I have a class that fulfills the requirements to be treated as POJO, and this is the main transport class in my streaming job (it only contains primitives and a Map<String, String>). I have added a new String field and the corresponding getter and setter, but if I stop the job that's using the previous class with a savepoint and try to use it to restart with the new class, I get an exception:

 java.lang.Exception: Exception while creating StreamOperatorStateContext.
        at org.apache.flink.streaming.api.operators.StreamTaskStateInitializerImpl.streamOperatorStateContext(StreamTaskStateInitializerImpl.java:195)
        at org.apache.flink.streaming.api.operators.AbstractStreamOperator.initializeState(AbstractStreamOperator.java:253)
        at org.apache.flink.streaming.runtime.tasks.StreamTask.initializeState(StreamTask.java:901)
        at org.apache.flink.streaming.runtime.tasks.StreamTask.invoke(StreamTask.java:415)
        at org.apache.flink.runtime.taskmanager.Task.doRun(Task.java:705)
        at org.apache.flink.runtime.taskmanager.Task.run(Task.java:530)
        at java.lang.Thread.run(Thread.java:748)
Caused by: org.apache.flink.util.FlinkException: Could not restore keyed state backend for WindowOperator_3b2dbb810ac7d55949cb205a3075facc_(8/8) from any of the 1 provided restore options.
        at org.apache.flink.streaming.api.operators.BackendRestorerProcedure.createAndRestore(BackendRestorerProcedure.java:135)
        at org.apache.flink.streaming.api.operators.StreamTaskStateInitializerImpl.keyedStatedBackend(StreamTaskStateInitializerImpl.java:307)
        at org.apache.flink.streaming.api.operators.StreamTaskStateInitializerImpl.streamOperatorStateContext(StreamTaskStateInitializerImpl.java:135)
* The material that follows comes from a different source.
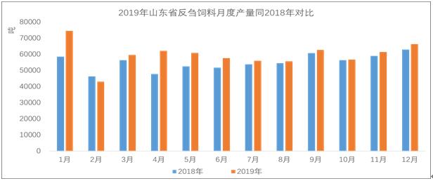 圖7 2019年山東省反芻飼料月度產(chǎn)量同2018年對(duì)比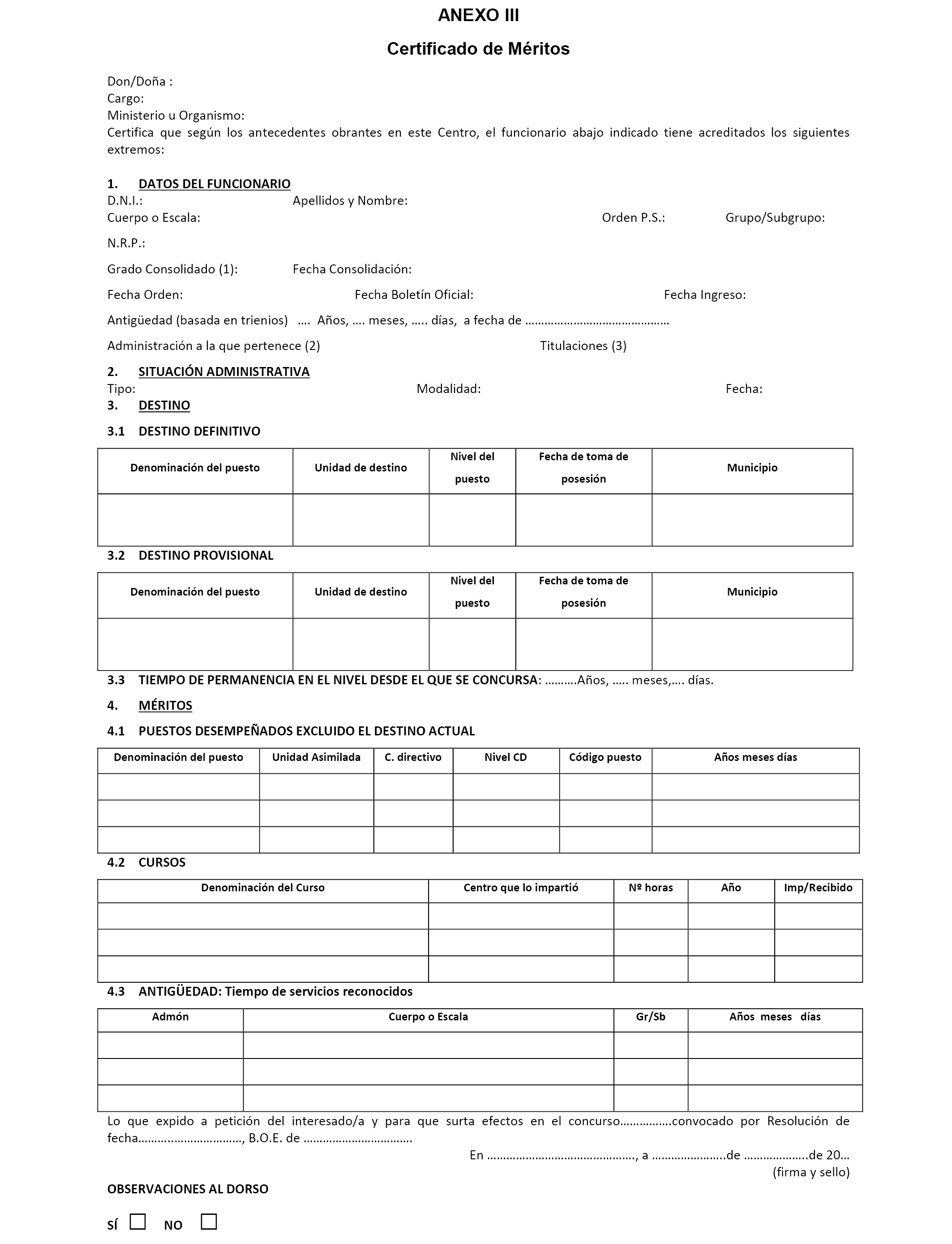 Los méritos generales se acreditarán en el certificado de méritos (anexo III), que recogerá aquellos méritos, requisitos y datos imprescindibles que en él se señalan y deberá ser expedido de acuerdo con los siguientes supuestos:

        ... 6 common frames omitted
Caused by: org.apache.flink.runtime.state.BackendBuildingException: Failed when trying to restore heap backend
        at org.apache.flink.runtime.state.heap.HeapKeyedStateBackendBuilder.build(HeapKeyedStateBackendBuilder.java:116)
        at org.apache.flink.runtime.state.memory.MemoryStateBackend.createKeyedStateBackend(MemoryStateBackend.java:347)
        at org.apache.flink.streaming.api.operators.StreamTaskStateInitializerImpl.lambda$keyedStatedBackend$1(StreamTaskStateInitializerImpl.java:291)
        at org.apache.flink.streaming.api.operators.BackendRestorerProcedure.attemptCreateAndRestore(BackendRestorerProcedure.java:142)
        at org.apache.flink.streaming.api.operators.BackendRestorerProcedure.createAndRestore(BackendRestorerProcedure.java:121)
        ... 8 common frames omitted
Caused by: com.esotericsoftware.kryo.KryoException: java.lang.IndexOutOfBoundsException: Index: 172199998, Size: 13
...
        at com.esotericsoftware.kryo.serializers.ObjectField.read(ObjectField.java:125)
        at com.esotericsoftware.kryo.serializers.FieldSerializer.read(FieldSerializer.java:528)
        at com.esotericsoftware.kryo.Kryo.readClassAndObject(Kryo.java:761)
        at org.apache.flink.api.java.typeutils.runtime.kryo.KryoSerializer.deserialize(KryoSerializer.java:346)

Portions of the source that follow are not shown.